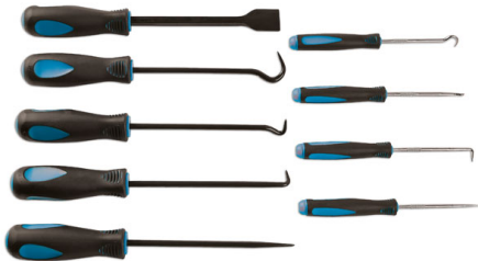
Pick Hook and Scraper Set 9pc | 6382
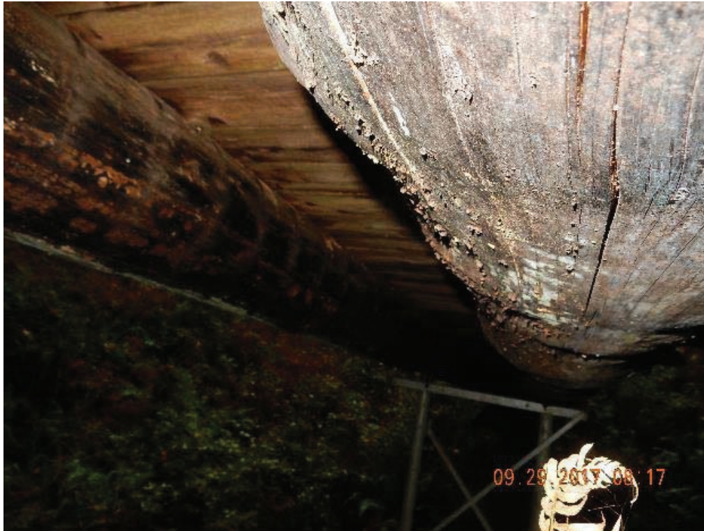
P13 – Under side of the bridge (DSCN9863.jpg)
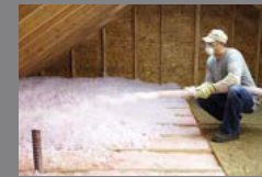
AttiCat® Expanding Blown-In Insulation System
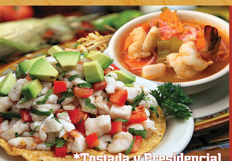
*Tostada y Presidencial
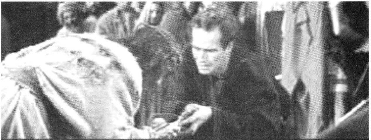
Figure 1: Charlton Heston, Cecil B. DeMille's favorite actor for Biblical epics.
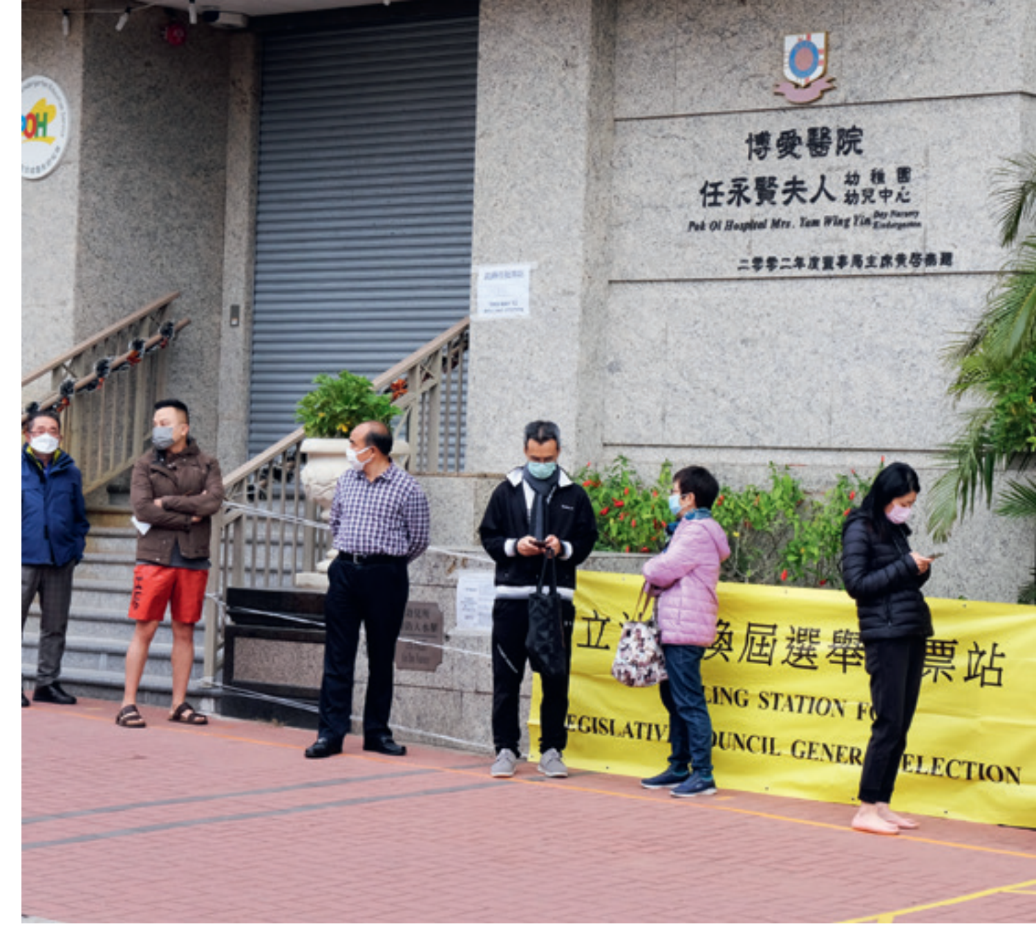
Voters line up outside a polling station in the Hong Kong Special Administrative Region (SAR) to cast their votes for the Legislative Council (LegCo) on December 19

——

* _Problem description_: Looking at the records above, extract only the lines from the one with "Figure 1: Charlton" through the last line, exactly, with the pictures left out.

* _Exercise response_:
Figure 1: Charlton Heston, Cecil B. DeMille's favorite actor for Biblical epics.
Voters line up outside a polling station in the Hong Kong Special Administrative Region (SAR) to cast their votes for the Legislative Council (LegCo) on December 19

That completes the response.